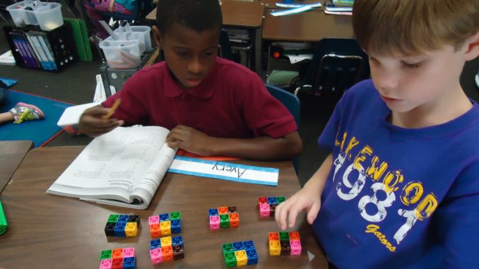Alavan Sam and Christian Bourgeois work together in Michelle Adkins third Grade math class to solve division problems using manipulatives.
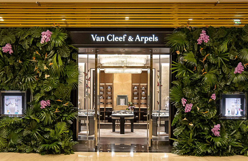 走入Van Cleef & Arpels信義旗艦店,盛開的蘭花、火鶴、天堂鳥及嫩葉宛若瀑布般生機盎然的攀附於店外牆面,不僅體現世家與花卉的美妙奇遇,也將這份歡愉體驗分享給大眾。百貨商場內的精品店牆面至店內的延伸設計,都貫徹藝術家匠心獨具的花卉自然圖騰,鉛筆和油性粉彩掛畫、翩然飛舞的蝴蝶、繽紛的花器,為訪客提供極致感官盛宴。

---

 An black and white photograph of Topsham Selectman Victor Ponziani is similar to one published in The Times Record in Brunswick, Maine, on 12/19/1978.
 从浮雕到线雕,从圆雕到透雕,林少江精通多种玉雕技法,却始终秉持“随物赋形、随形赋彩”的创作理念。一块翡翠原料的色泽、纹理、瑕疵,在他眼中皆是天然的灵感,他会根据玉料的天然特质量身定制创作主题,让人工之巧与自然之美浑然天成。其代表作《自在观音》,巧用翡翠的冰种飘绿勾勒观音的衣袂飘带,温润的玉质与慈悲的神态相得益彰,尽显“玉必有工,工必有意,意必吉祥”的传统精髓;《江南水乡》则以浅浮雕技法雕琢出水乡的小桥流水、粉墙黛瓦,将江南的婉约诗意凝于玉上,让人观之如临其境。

# [Required action]
Between and including the line with "Alavan Sam and" and the line with "走入Van Cleef &", repeat every line exactly as it appears above, with pictures left out.

# [The answer]
Alavan Sam and Christian Bourgeois work together in Michelle Adkins third Grade math class to solve division problems using manipulatives.
 走入Van Cleef & Arpels信義旗艦店,盛開的蘭花、火鶴、天堂鳥及嫩葉宛若瀑布般生機盎然的攀附於店外牆面,不僅體現世家與花卉的美妙奇遇,也將這份歡愉體驗分享給大眾。百貨商場內的精品店牆面至店內的延伸設計,都貫徹藝術家匠心獨具的花卉自然圖騰,鉛筆和油性粉彩掛畫、翩然飛舞的蝴蝶、繽紛的花器,為訪客提供極致感官盛宴。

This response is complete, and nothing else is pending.